贾红天按住了她的肩膀,摇头道:“没有必要,天要下雨,娘要嫁人,这种事情,谁能挡得住呢?那保健冷饮,是我亲自调制的配方,别人就是化验也没有用。只是可惜了,让其他来买我们冷饮的人,买不到了。”
沈君傲急道:“那怎么办呀?我当时也没想那么多……”
什么女警呀?脱掉了警服,她就是一个跟张若兮、唐子瑜般大的女孩子。
贾红天微笑道:“没事,我们现在就调制,若兮、子瑜,你俩也过来帮忙。”
这种事情,还能难得到贾红天吗?原材料什么的都有,不到两个小时的时间,新一批的保健冷饮就都调制好了。贾红天打了个响指,做了个“ok”的手势,搞定。现在,已经是下午四点多钟了,街道上的行人也陆陆续续地多了起来,生意又开忙了。
张若兮和唐子瑜忙着照看着店里的生意,沈君傲的手机铃声突然响了,她接通了电话,脸上就阴冷了下来,沉声道:“好,我今天晚上肯定过去。”
贾红天很是随意的问道:“怎么了?”
“没怎么,晚上有个案子。”278211
“看你的表情,案情好像是挺严重啊?咱们是在一起住着的,也算是自己人,有什么事情不能明说的?兴许,我还能帮上什么忙。”
沉吟了一下,沈君傲问道:“你还记得大金牙吧?我接到了线报,他的水云间酒吧今天晚上又有新一批的女孩子被带了回来,一样是被关押在四楼的那间暗室中。这次,我是说什么都不能让他逍遥法外了,一定亲手抓走他。”
“当然可靠了,我救过她。”
贾红天淡淡道:“那你晚上,会有多少人跟你一起去?”
沈君傲道:“就我自己,我不能再让大张和老李受我的牵连了。这件事情,要是让杨局知道了,他也会为难,所以,我决定自己单独行动。”
“我不怕,只要是能抓到大金牙等人,剿灭了这个魔窟,我什么都不怕。”
她的一身正气,让贾红天很是感动,同时,心里却在摇头苦笑。姑且不说这个线报是真的假的,以她一己之力,又岂能将大金牙等人绳之以法?有些时候,法律是很难约束到他们,到这个时候,需要的是一种黑暗法则。
而贾红天,就希望成为这个黑暗法则的实施者。不是因为别的,因为沈君傲是跟他住在一起的,因为他昨天晚上掉了钥匙,因为他看到了……就忘不掉了。
贾红天把手搭在了她的肩膀上,微笑道:“我陪你去。”
就是这么简简单单的几个字,却让沈君傲的芳心一颤。真正的朋友,不是在酒桌上的,而是在你身处于危难之中,他肯伸手拉你一把的。沈君傲有些抵挡不住贾红天灼灼的眼光,连忙将眼睛落到了一边,摇头道:“不行,太危险了。你是普通市民,没有这个义务。”
贾红天摇头道:“你错了,我不是普通市民,我是你的朋友。”
前半夜,我想你,想你想的睡不着觉。
后半夜,我想你……天又亮了。
什么是情话?
如果你再跟女孩子说什么我爱你,你是我的心肝儿,你是我的肺;你是我的大肠,你是我的肚儿,那也太落伍了点儿。真正的情话,是要感动她,就像是贾红天这样,三言两语,沈君傲有些承受不住了。
我是你的朋友!
自从华东军区当兵退役归来,沈君傲就一头埋在了事业中,仅有的两个朋友,就是张若兮和唐子瑜。而男朋友?陆剑飞不能算是,她已经对他谈不上任何的感情了,剩下的只有厌恶。
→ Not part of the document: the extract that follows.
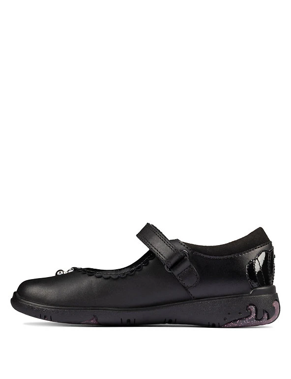 These leather Mary Jane shoes from Clarks have a fun, ocean-themed twist. They feature a classic round-toe style, with an easy riptape bar that kids can fasten themselves. The durable design has a thick, flexible sole and padding to keep young feet comfortable. Kids will love the mermaid detailing on the inner and outer sole, and eye-catching embellishments like the charm and patent shell at the heel.
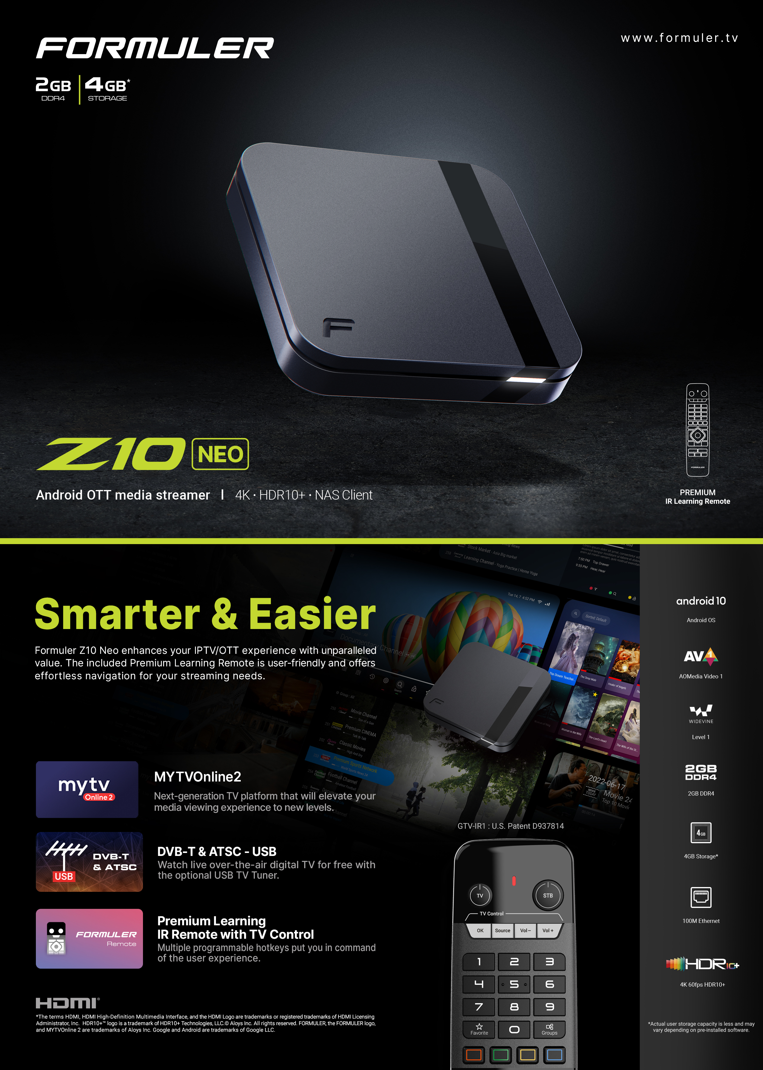 | Inhoud van de verpakking | • Formuler Z10 Neo IPTV Box • Handleiding • GTV-IR Afstandsbediening • 2x AAA batterijen • HDMI Kabel • 12V Voeding |

可是现在,她又多了一个朋友,还是一个男朋友……哦,是男性的朋友。
沈君傲很感动,她紧咬着嘴唇道:“贾红天,我明白你的心思,可是,这种事情,我不能让你以身涉险……”
“你这是关心我吗?”
“你……”
三两句话就不上正道,却是冲淡了二人中间的沉闷、紧张气氛,沈君傲瞪了贾红天两眼,哼哼道:“鬼才关心你,你少往自己的脸上贴金。”
贾红天道:“不关心的反义词,就是恨,既然你恨我,我的死活,你就更不应该去管了。你要是管了,你就是关心我。”
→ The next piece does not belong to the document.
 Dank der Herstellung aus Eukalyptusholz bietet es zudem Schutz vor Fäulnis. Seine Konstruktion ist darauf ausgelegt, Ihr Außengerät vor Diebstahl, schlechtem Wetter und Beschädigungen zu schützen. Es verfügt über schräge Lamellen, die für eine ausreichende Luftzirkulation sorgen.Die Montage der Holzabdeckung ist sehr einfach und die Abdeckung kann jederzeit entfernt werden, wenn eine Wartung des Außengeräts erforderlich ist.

这是什么逻辑呀?偏偏沈君傲找不到任何去辩解的理由,没好气的道:“行,行,我关心你总行了吧?随便你怎么想了。”
贾红天就乐了,有一个女孩子关心,也是一件很幸福的事情嘛。既然你关心我,我要是不关心,我还是男人吗?所以,我更是应该去了。
沈君傲就有些懵了,怎么绕来绕去又把自己给绕进去了?贾红天怎么说都有道理。她瞪了他一眼,一眼,又一眼的,突然道:“你要是不去当律师,真是太屈才了。”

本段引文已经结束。